Caroline Kennedy, who hosts the show as part of a living memorial to her assassinated father, John F. Kennedy, acknowledged her personal connection to one honoree. Diamond’s “Sweet Caroline” was named for her.
“I’m going to have to thank her for that,” Diamond said before the show.
Earlier, President Barack Obama praised the actors and musicians at the White House.
“They have different talents, and they’ve traveled different paths,” Obama said. “And yet they belong here together because each of tonight’s honorees has felt the need to express themselves and share that expression with the world.”
He said everyone has that desire for self-expression in common.
“That’s why we dance, even if, as Michelle says, I look silly doing it,” he said to laughter.
Smokey Robinson sang “Sweet Caroline” with help from Kennedy.
Classical music stole the show’s finale with surprise tributes from Stephen Colbert and Elmo from TV’s “Sesame Street.”
“Tonight we celebrate the greatest living cellist,” Colbert said “We chell-ebrate, if you will.”
Ma has played cello since he was 4. At age 7, he played for Presidents Kennedy and Dwight D. Eisenhower.
Earlier in the day, Obama jokingly looked to Ma for some advice.
“Everybody likes him,” Obama said. “You’ve got to give me some tips. I thought about asking him to go talk to Congress.”
Secretary of State Hillary Rodham Clinton flew home for less than 36 hours between diplomatic travels to honor the artists with a dinner Saturday night.
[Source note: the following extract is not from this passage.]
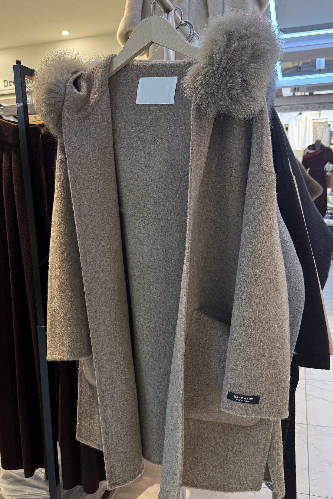 帽子狐狸毛可拆/下襬側開衩/附腰帶

After visiting the isolated Southeast Asian country of Myanmar, Clinton said such U.S. artists have worldwide influence by using their freedom of creativity.
“You may not know it, but somewhere in a little tiny room in Burma or even in North Korea, someone is desperately trying to hear you or to see you, to experience you,” Clinton said. “And if they are lucky enough to make that connection, it can literally change lives and countries.”
Shortly after, in a toast to Streep at the State Department, writer Nora Ephron warned Clinton that the person who would someday play her on screen is the same woman who played Julia Child in “Julie and Julia” and British Prime Minister Margaret Thatcher in the upcoming “The Iron Lady.” Streep, 62, stood up for a better look at the nation’s top diplomat.
“It’s inevitable,” Ephron told Clinton, drawing big laughs. “You met her tonight, and I’m sure you thought she was charming, but she was just soaking you up.”
Streep has won two Oscars in a career spanning Shakespeare to ABBA with the movie “Mamma Mia!” For her part, Streep said she is in awe of the accolades.
“Look where we are, look who’s here,” Streep told The Associated Press. “It’s overwhelming. I feel very proud.”
On Sunday, Emily Blunt and Anne Hathaway from “The Devil Wears Prada” joined Kevin Kline and Stanley Tucci for a musical tribute to Streep.
Sarah Jessica Parker and Matthew Broderick opened the tributes to Broadway singer Barbara Cook, recalling the days when they first started dating and went to hear Cook sing at the Cafe Carlyle in New York.
Cook, 84, made her Broadway debut in 1951, and later Leonard Bernstein cast her in his musical “Candide.” She topped that performance as Marian the Librarian in 1957’s hit musical “The Music Man,” for which she won a Tony Award.
A film tribute noted Cook went silent for a decade, due to drinking and depression, but she came back.
Glenn Close called her an icon for anyone who has worked on Broadway.
“I think we have the biggest respect for her because she really has survived, survived and prevailed,” Close said.
Jazz saxophonist Sonny Rollins, 81, has shared the stage with Miles Davis and Dizzy Gillespie, among others.
“America is the home of jazz. It’s what we started,” he said. “By the way, hip hop music is a part of jazz, believe it or not.”
Friend Bill Cosby marveled about how he has heard Rollins’ distinctive sax around the world in Greece, Hong Kong, Italy – and found so many people who knew the musician’s work.
Benny Golson and Herbie Hancock joined in playing some of Rollins’ tunes.
Fellow sax player and former President Bill Clinton said earlier that he has been a fan since the age of 15 or 16 when he bought his first Rollins LP and played it until it was worn out.
“His music can bend your mind, it can break your heart, and it can make you laugh out loud,” Clinton said. “He has done things with improvisation that really no one has ever done.”